- Born: Fort-de-France, Martinique
- Education: Ecole Nationale des Ponts et Chaussées
- Occupations: Chairman and Chief Executive Officer of Meridiam

= Thierry Déau =

French business executive

Thierry Déau is the founder, chairman and chief executive officer of Meridiam, a leading independent global investor and asset manager specialized in developing, financing and managing long-term public infrastructure projects.

==Career==
After graduating from France’s engineering school l'Ecole nationale des Ponts et Chaussées, Déau began his career in Malaysia with the construction firm GTM International. He then joined France’s Caisse des Dépôts et Consignations, where he held several positions within its investment and development subsidiary Egis Projects, from Project Manager in Manila, Philippines, then Director of Concession Projects in Paris to his appointment as Chief Executive Officer of Egis in 2001.

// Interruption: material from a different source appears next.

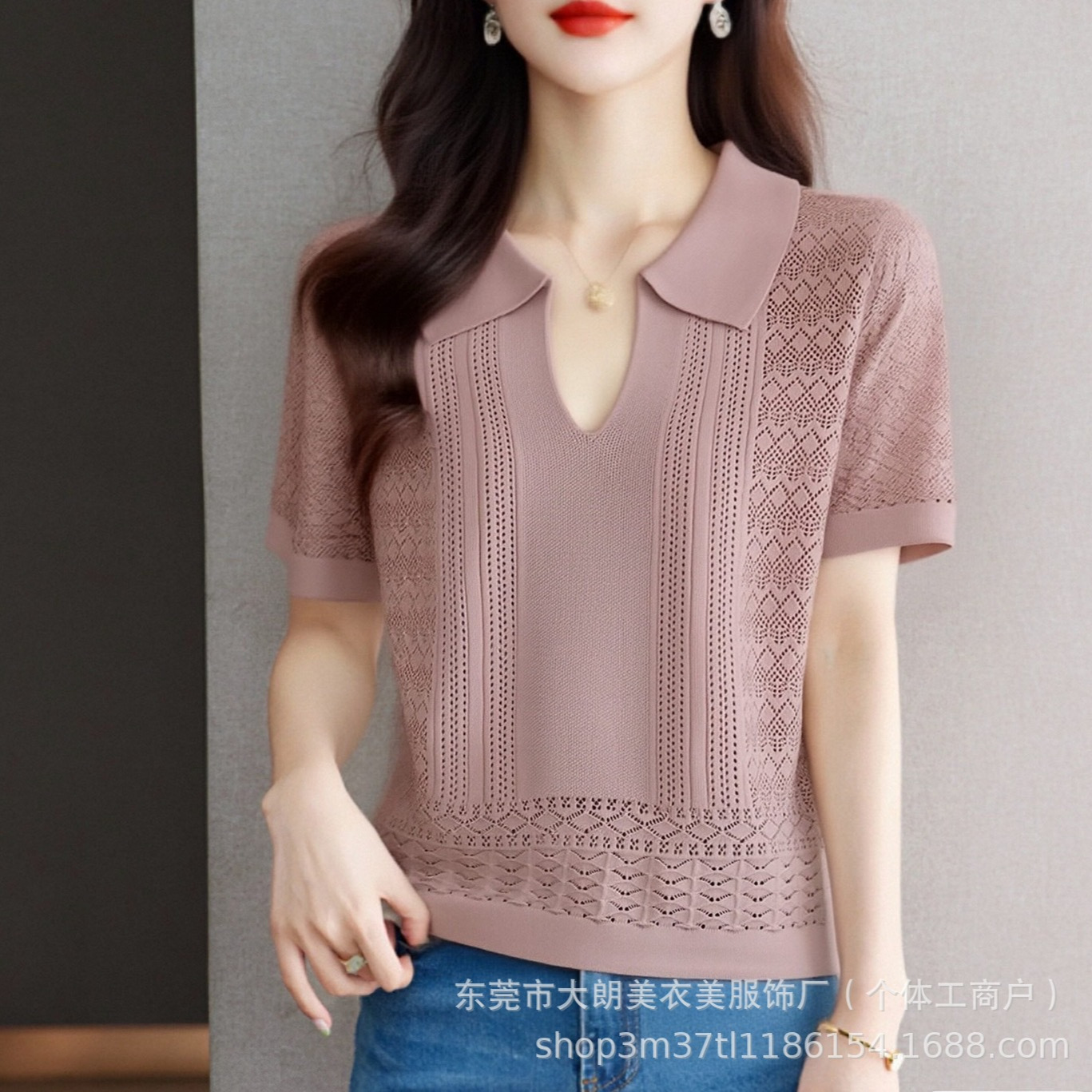2025新款夏季设计感镂空翻领短袖针织衫女独特别致小众短袖上衣潮

During his tenure at Egis he headed up international operations for the Egis Group executive committee, served on its risk management committee and acted as Member and Chairman on the boards of several subsidiaries.

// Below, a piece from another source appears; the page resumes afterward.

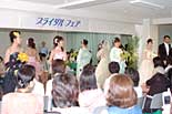 2006年7月31日、MIYABIの1stブライダルフェアーを行いました。多くのお客様にお越しいただき盛り上がりました。メインは、ウエディングドレスから10分内で和装打掛に早変わりをしました。

In 2004, before founding Meridiam, Déau joined AECOM Technology as Director.

In 2005, Déau established Meridiam, with operational and financial support from AECOM Technology and the Crédit Agricole Group. He is currently Meridiam’s Chairman and Chief Executive Officer, as well as its main shareholder.

==Other activities==
Thierry Déau's other activities:

- Board Member of Fondation des Ponts, Board Member of the Friends of the Paris Opera (AROP)
- Chairman of the Établissement public du Palais de la Porte Dorée
- Founder of the Africa Infrastructure fellowship program (AIFP)
- Founding Member of the Sustainable Development Investment Partnership (SDIP) of the World Economic Forum
- Chairman of the Fast-Infra Group (FIG)
- President of the Archery Foundation
- Member of The Trilateral Commission.